> **Task to complete**:
Write every line below out again exactly, images omitted.

> **Data shown**:
======
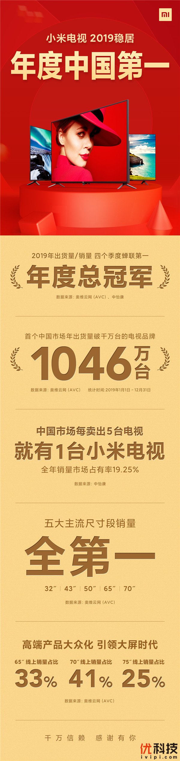 2020年2月,中国两大权威调研机构奥维云网、中怡康的数据显示:在过去的2019年,小米电视出货量、销量双双稳居年度中国第一,其中年出货量达到1046万台,成为中国市场史上首个年出货量破千万的电视品牌。值得一提的是,小米电视去年实现了出货量、销量连续4个季度中国第一,最终稳获年度总冠军,尤其在65英寸、70英寸等大尺寸市场上,小米电视线上市场份额更是超过三成,持续引领大屏电视时代。
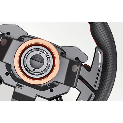 A kormánykerék alumíniumötvözetből készült gyorskioldó rendszerrel rendelkezik, amely szerszám nélkül is lehetővé teszi a kerékperem gyors cseréjét. Ez különösen praktikus többféle hardverkonfiguráció használata esetén. A robusztus kialakítás és a csúszógyűrűs kommunikáció stabil, zavartalan működést biztosít még intenzív játék során is.
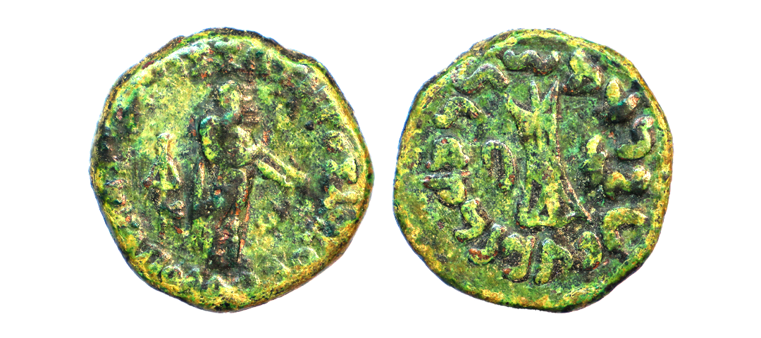 Ancient, Indo-Greeks, Apollodotus I (c. 174-165 BC), Silver Drachma (Indian Standard), 2.35 gms, Obv. Elephant walking right. Monogram below. Greek Legend around ‘BAΣIΛEΩΣ AΠOΛΛOΔOTOY ΣΩTHPOΣ’, Rev. Humped Bull to right. Monogram below.Kharoshthi legend around ‘MaharajasaApaladatasaTratarasa’, about very fine, rare.
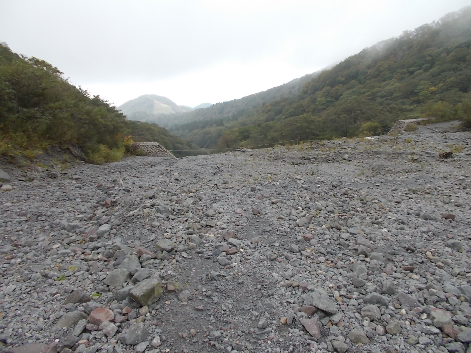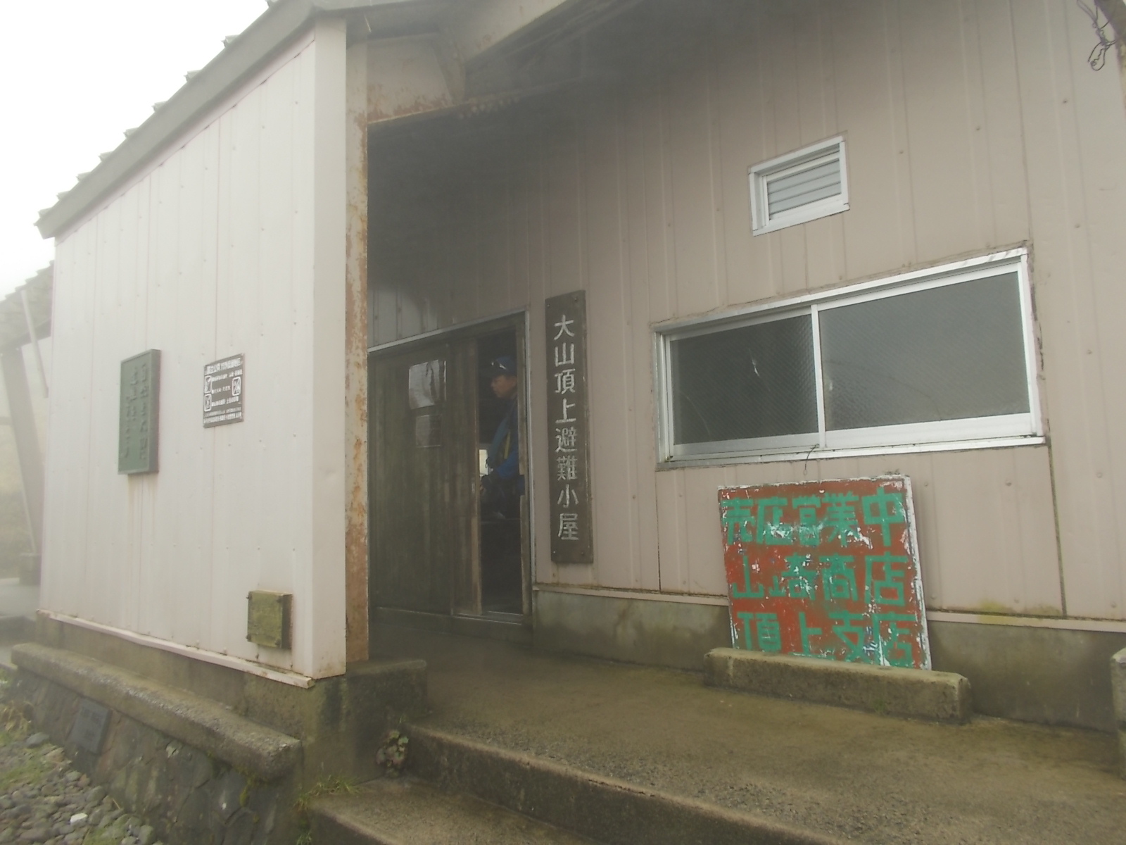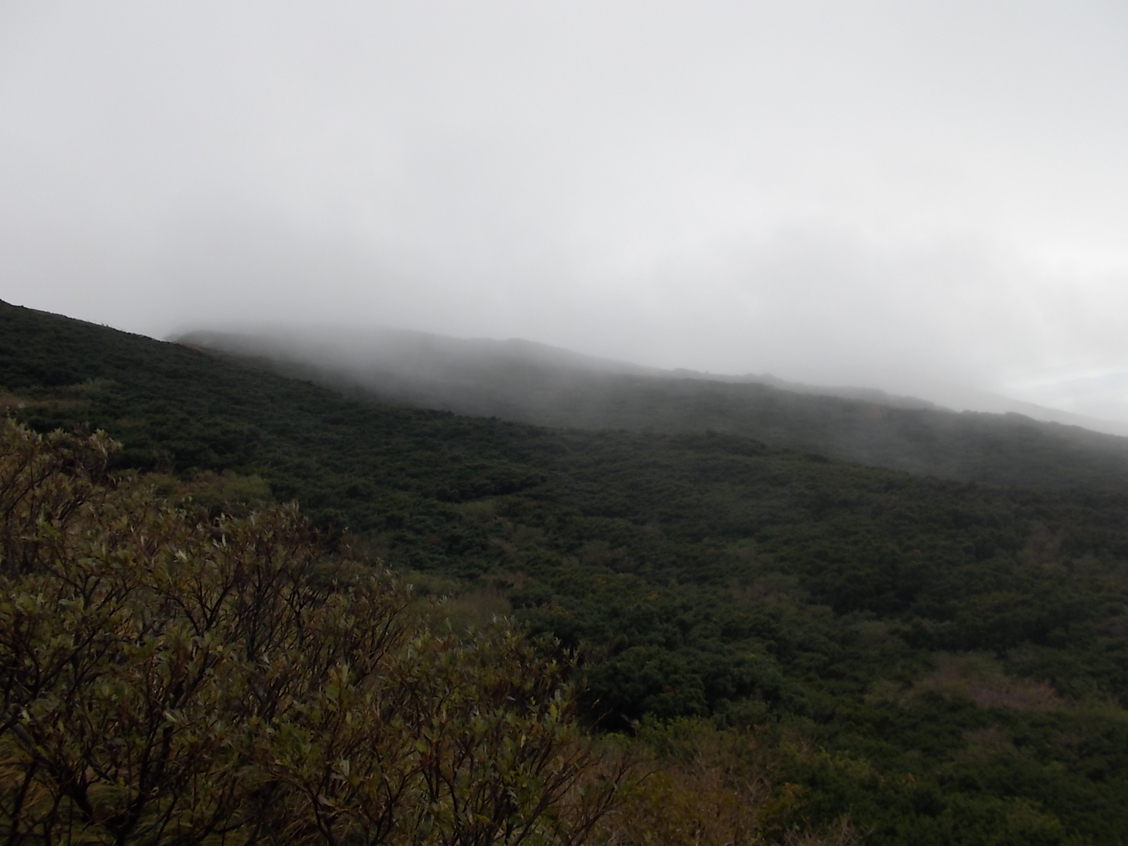 山頂小屋に入って昼食にし、すぐに下山開始。ここからは大粒のガスというか細かい雨になってきているので、カッパ着用。
======
> **Exercise output**:
 2020年2月,中国两大权威调研机构奥维云网、中怡康的数据显示:在过去的2019年,小米电视出货量、销量双双稳居年度中国第一,其中年出货量达到1046万台,成为中国市场史上首个年出货量破千万的电视品牌。值得一提的是,小米电视去年实现了出货量、销量连续4个季度中国第一,最终稳获年度总冠军,尤其在65英寸、70英寸等大尺寸市场上,小米电视线上市场份额更是超过三成,持续引领大屏电视时代。
 A kormánykerék alumíniumötvözetből készült gyorskioldó rendszerrel rendelkezik, amely szerszám nélkül is lehetővé teszi a kerékperem gyors cseréjét. Ez különösen praktikus többféle hardverkonfiguráció használata esetén. A robusztus kialakítás és a csúszógyűrűs kommunikáció stabil, zavartalan működést biztosít még intenzív játék során is.
 Ancient, Indo-Greeks, Apollodotus I (c. 174-165 BC), Silver Drachma (Indian Standard), 2.35 gms, Obv. Elephant walking right. Monogram below. Greek Legend around ‘BAΣIΛEΩΣ AΠOΛΛOΔOTOY ΣΩTHPOΣ’, Rev. Humped Bull to right. Monogram below.Kharoshthi legend around ‘MaharajasaApaladatasaTratarasa’, about very fine, rare.
 山頂小屋に入って昼食にし、すぐに下山開始。ここからは大粒のガスというか細かい雨になってきているので、カッパ着用。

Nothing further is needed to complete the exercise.